Seqanswers Leaderboard Ad

Collapse

Announcement

Collapse
No announcement yet.
X
 
  • Filter
  • Time
  • Show
Clear All
new posts

  • how to study differential expression?

    My data is got from 2 tissues by Illumina sequencing with 75nt reads. Are there any standard ways to study differential expression?
    Is it necessary to calculate RPKM for each gene? If so what is the best tool to calculate RPKM? ERANGE, TopHat or Cufflinks?
    Is simply counting and comparing the number of reads mapping to each gene between tissues also acceptable for studying differential gene expression?

    Thank you for your time!

  • #2
    You may use DEGseq to do the anaysis you want to. The input for DEGseq could be mapped reads rather than RPKM.
    Have a look:

    and the related paper:


    best,
    Xi
    Xi Wang

    Comment


    • #3
      Originally posted by beliefbio View Post
      Is it necessary to calculate RPKM for each gene?
      Because transcripts (or genes) vary in length (kilobases) and sequence-runs vary in the amount of reads produced, you would somehow like to account for these variations if you want to compare runs/samples. RPKM is a measure that (up to a certain degree of course) accounts for these.

      If so what is the best tool to calculate RPKM? ERANGE, TopHat or Cufflinks?
      Erange I haven't used yet. Tophat is for mapping not counting (it does count, but the creator of this software has said this will be removed from future versions since Cufflinks now exists), so Cufflinks is meant for RPKM determination.

      So, you could map with tophat and then feed the produced "accepted_hits.sam" file to Cufflinks which will count and return RPKM values. But do realize that Tophat does more than just mapping, it tries to find exon-exon splice junctions (and is therefor potentially slow for just mapping).

      -svl

      update: and btw, when you have the RPKM values from Cufflinks you could also use the mentioned DEGseq for determining which transcripts are differentially expressed.
      Last edited by svl; 12-01-2009, 03:25 AM.

      Comment


      • #4
        Thanks a lot svl!!

        Comment


        • #5
          Originally posted by svl View Post
          Because transcripts (or genes) vary in length (kilobases) and sequence-runs vary in the amount of reads produced, you would somehow like to account for these variations if you want to compare runs/samples. RPKM is a measure that (up to a certain degree of course) accounts for these.
          If you are examining in differential expression of genes between samples you don't really need to normalize for transcript length. When comparing gene to gene between samples the length of the transcript is constant (let's ignore the possibility of differential isoform expression). In this case you only need to normalize for the total number of reads in each sample pool.

          Comment


          • #6
            Originally posted by kmcarr View Post
            If you are examining in differential expression of genes between samples you don't really need to normalize for transcript length. When comparing gene to gene between samples the length of the transcript is constant (let's ignore the possibility of differential isoform expression). In this case you only need to normalize for the total number of reads in each sample pool.
            I totally agree with your point. DEGseq follows this to identify differentially expressed genes.
            Xi Wang

            Comment


            • #7
              Agreed. Looking at other things, like the top (100) expressing genes/transcripts though, is impossible then, so for the sake of future comparison it's nice to use RPKM instead of RPM, it's not hard to calculate anyway. But you're absolutely right !
              Last edited by svl; 12-01-2009, 02:04 PM.

              Comment


              • #8
                CuffCompare

                Originally posted by Xi Wang View Post
                I totally agree with your point. DEGseq follows this to identify differentially expressed genes.
                Cuffcompare (which is part of the Cufflinks) could be used to identify differentially expressed genes.

                Comment


                • #9
                  Hello everybody,

                  Some quick questions about the topic, I number them as they are quite different from each other. Any input appreciated!

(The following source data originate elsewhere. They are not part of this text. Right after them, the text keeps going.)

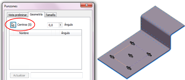 La cantidad de ejemplares de la herramienta de punzonado se ha añadido al cuadro de diálogo Punzones, ficha Geometría.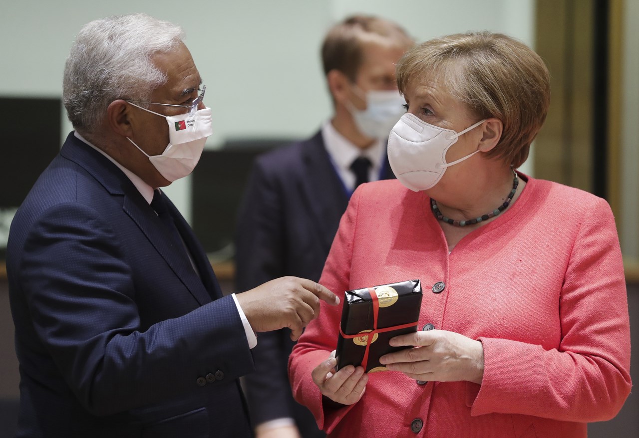 Μάσκα με τη σημαία της χώρας του φόρεσε και ο Πρωθυπουργός της Πορτογαλίας Αντόνιο Κόστα. Στη φωτογραφία ενώ δίνει ένα δώρο στην Άγκελα Μέρκελ που σήμερα γιορτάζει τα γενέθλιά της και γίνεται 66 ετών. Η γερμανίδα καγκελάριος προσήλθε στη Σύνοδο Κορυφής φορώντας μια λευκή μάσκα: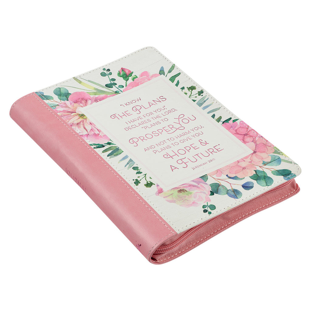 Denk na over Gods plan voor uw leven terwijl u uw dromen en hoop opschrijft in het klassieke notitieboekje The Plans Pink Bouquet Faux Leather Classic Journal met ritssluiting.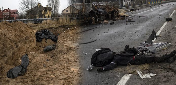 Εκατοντάδες πτώματα αμάχων -πολλοί με δεμένα χέρια– στη μέση του δρόμου, με σημάδια βασανιστηρίων και πολλά εξ αυτών με πυροβολισμούς στο πίσω μέρος του κεφαλιού, ένδειξη εκτέλεσης. Όλα αυτά μόλις μερικά χιλιόμετρα μακριά από μία ευρωπαϊκή πρωτεύουσα, το Κίεβο…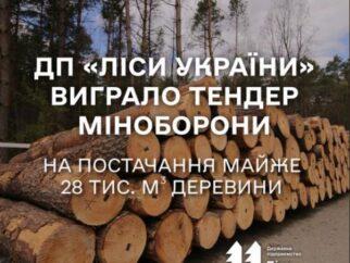 Юрій Болоховець: ДП “Ліси України” виграло тендер Міністерство оборони України на постачання майже 28 тис. м3 деревини.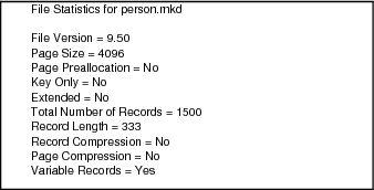 この例では、ファイル PATIENTS.DTA が、8.0 形式のファイルであることを表しています(バージョン番号は、そのファイル形式を読むことができる Btrieve の一番古いバージョン)。ファイルには、2,048 バイトのページ サイズが指定されており、プリアロケート ページはありません。これは、キー オンリー ファイルでも拡張ファイルでもありません。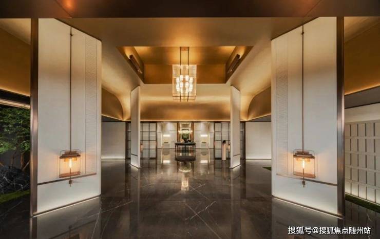大厅前是一个高阔的空中艺廊,层高约4.2米,铺就白色温润玉石,用料奢华。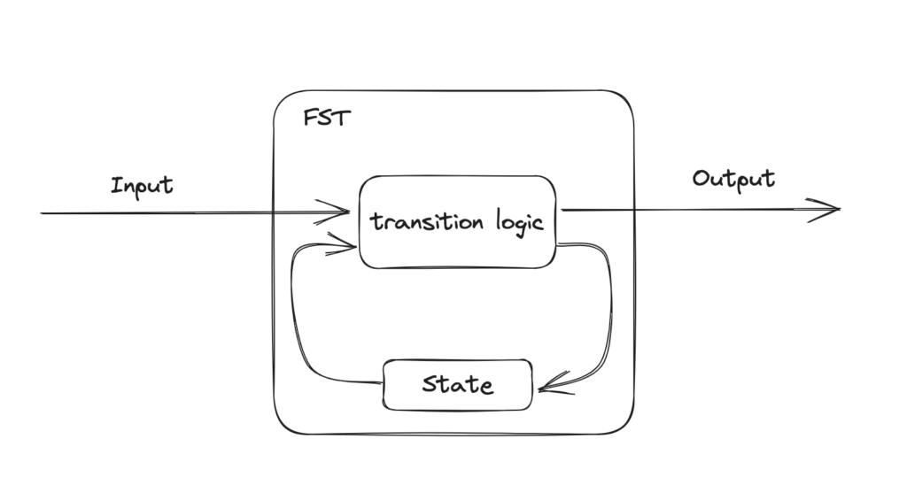 Remember what we brought back from 1955? The signature of an FST transition function is (State, Input) => (State, Output). That's our starting point. For convenience, it may be preferable to produce more than one output element in a single transition, which would be (State, Input) => (State, Sequence<Output>). You may need your FST to work on mutable state, so you may actually use (State, Input) => Output. You may end up encapsulating your state inside the transition function or its owner, and use Input => Output.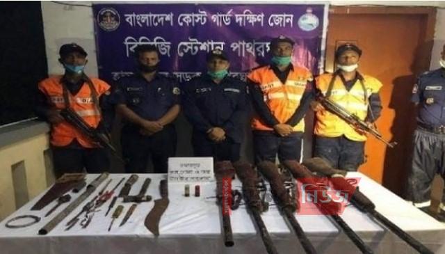 কোস্টগার্ড পাথরঘাটা স্টেশন কমান্ডার জানান, আবারও সমুদ্রে দস্যুতা করতে একটি কুচক্রি মহল জলদস্যু বাহিনী তৈরি ও বাহিনী তৈরিতে উৎসুকদের কাছে অস্ত্র তৈরি করে সরবরাহ করছে। এমন গোপন সংবাদের ভিত্তিতে সুন্দরবনের পূর্বাংশে বেলা ১২টার পর অভিযান শুরু করা হয়। একপর্যায়ে মাঝের চর নামক এলাকায় অস্ত্র তৈরির আস্তানা পাওয়া যায়। পরে রাত ৮ টার দিকে আস্তানায় অভিযান শুরু করা হয়।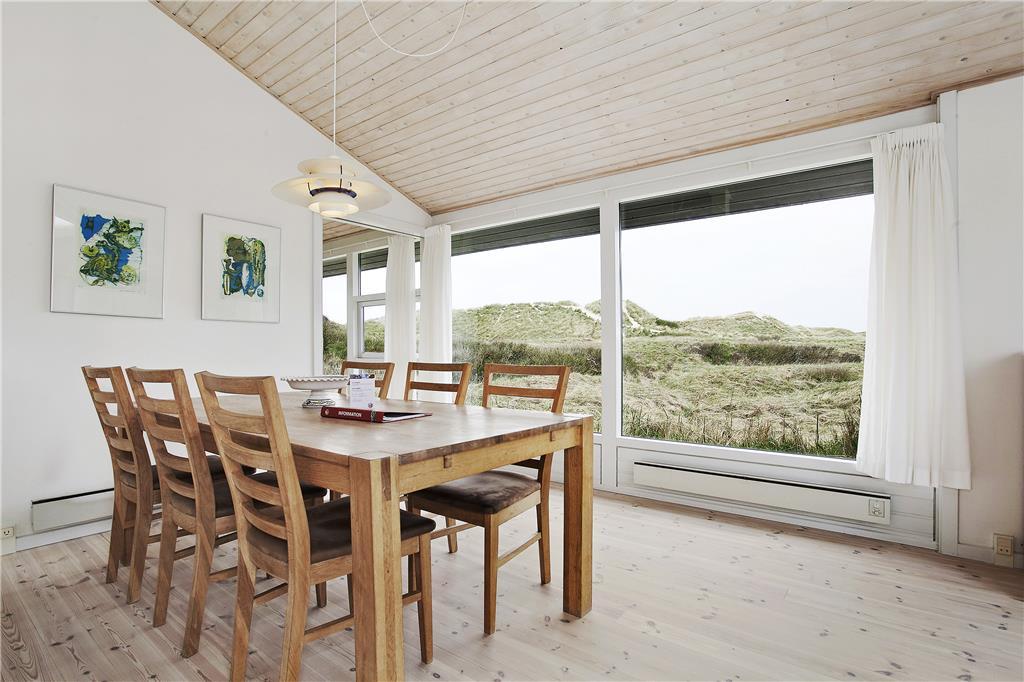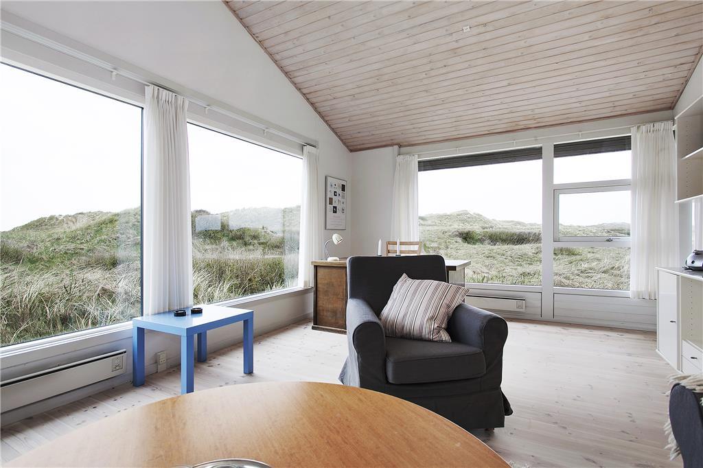 Fra den store grunds høje klitter er der en flot havudsigt, og området er rigt på fugle- og dyreliv. Huset er derfor et oplagt valg for naturelskere. Fra den store træterrasse, som vender mod syd, har man en helt betagende udsigt over det vilde og barske klitlandskab. Få skridt bringer jer ned til Vesterhavets bølger, hvor I kan nyde en hurtig dukkert. Leder man efter et hus i første klitrække ved havet, så bliver det ikke meget bedre.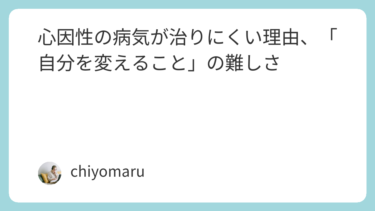 心因性の病気が治りにくい理由、「自分を変えること」の難しさ
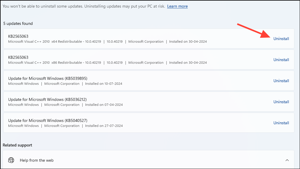 - You will see a list of the updates that you can uninstall. Click on 'Uninstall' on the right for the updates you want to remove. Restart your PC after that.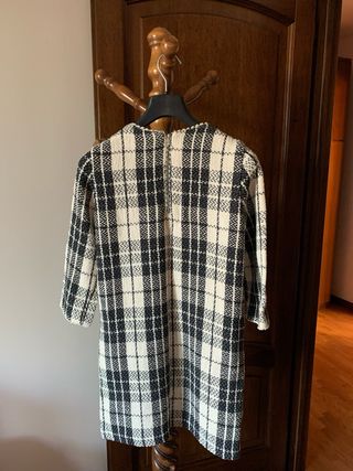Elegante abito Zara con fantasia a quadri. - Modello a trapezio. - Due tasche applicate sul davanti. - Scollo rotondo con bordino.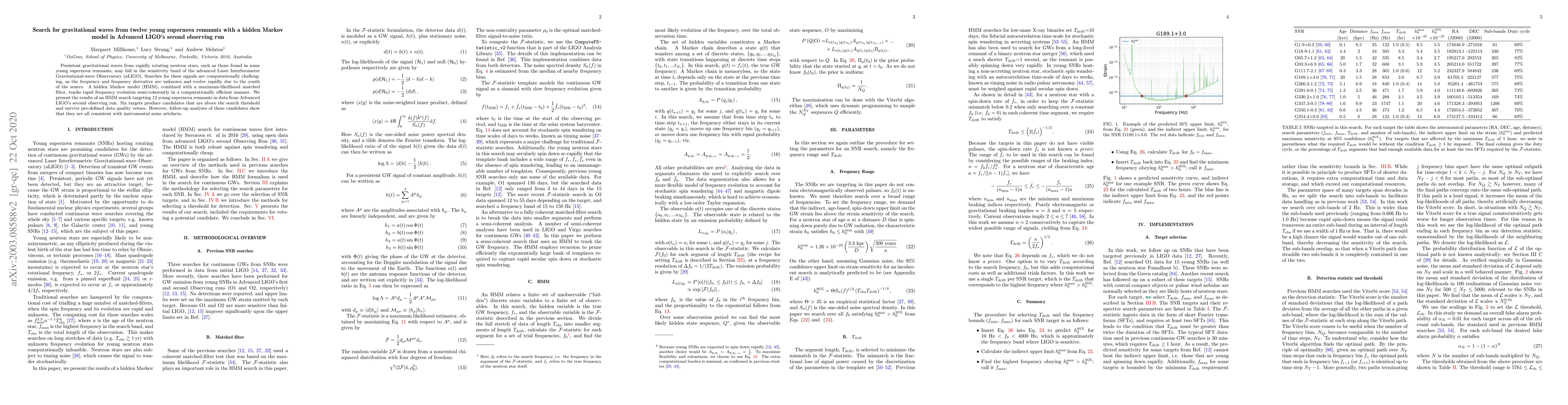 This study uses a hidden Markov model to search for gravitational waves from 12 young supernova remnants in Advanced LIGO's second observing run. Although six candidates were found above the search threshold, follow-up analysis revealed they were likely due to instrumental noise rather than astrophysical signals.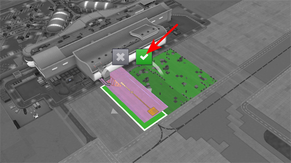 4、进入设施放置界面后,点击红色箭头指向的对勾按钮,确认设施的放置位置,完成的建造,推进机场的扩建流程。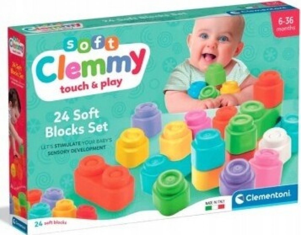 Bezpečné hraní s měkkými barevnými kostkami pro děti již od 6 měsíců! Díky CLEMMY kostkám může dítě stavět své první komíny a stavby. Hra s kostkami rozvíjí senzorické vnímání, manuální zručnost a prostorové vnímání. Hra se stavebními kostkami podněcuje fantazii a děti se zabaví na dlouhé hodiny. Balení obsahuje: 24 měkkých barevných kostek. POZNÁMKA: Kostky lze používat i při hraní ve vodě, dají se mýt v myčce. Značka BABY CLEMENTONI je synonymem kreativity, nadšení a důrazu na kvalitu. Hračky pomáhají rodičům při komunikaci s dítětem. Vzhled hračky a její inovativní barvy, netoxické a pevné materiály, vytvarovaný povrch a různé funkce pomáhají při rozvoji hmatových a sluchových schopností, napomáhají pohybové aktivitě a vyvolávají první logické asociace. Z výrobků firmy jsou na českém trhu oblíbené zejména CLEMMY kostky, které jsou vyrobeny z měkké netoxické gumy. Ta je zároveň snadno omyvatelná a má lehkou vanilkovou vůni.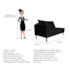 Recamier Azura 140cm com Almofada Lado Esquerdo Suede Preto - Amarena Móveis - Amarena Moveis

                  1. Can tophat/cufflinks be used with a de-novo transcriptome assembly if no good genome is available (assuming that SOME contigs are actually long isoforms containing most exons)?

                  2. Is it correct that the model behind cufflinks tries to allocate reads mapping at multiple locations? Thus giving a more precise result in the case where two isoforms are almost identicals (e.g. premature stops)

                  3. I understand that the RPKM (Reads Per Kilobase exon Model per million mapped reads) is:
                  3a. number of reads normalized per kilobase exon (to make it more comparable to qPCR results... although with caveats --> good for relative comparison of transcripts abundance in one sample)
                  3b. per millions mapped reads (to normalize between different sequenced librairies)
                  (3c. limited to uniquely mapped reads except in the case of cufflinks???)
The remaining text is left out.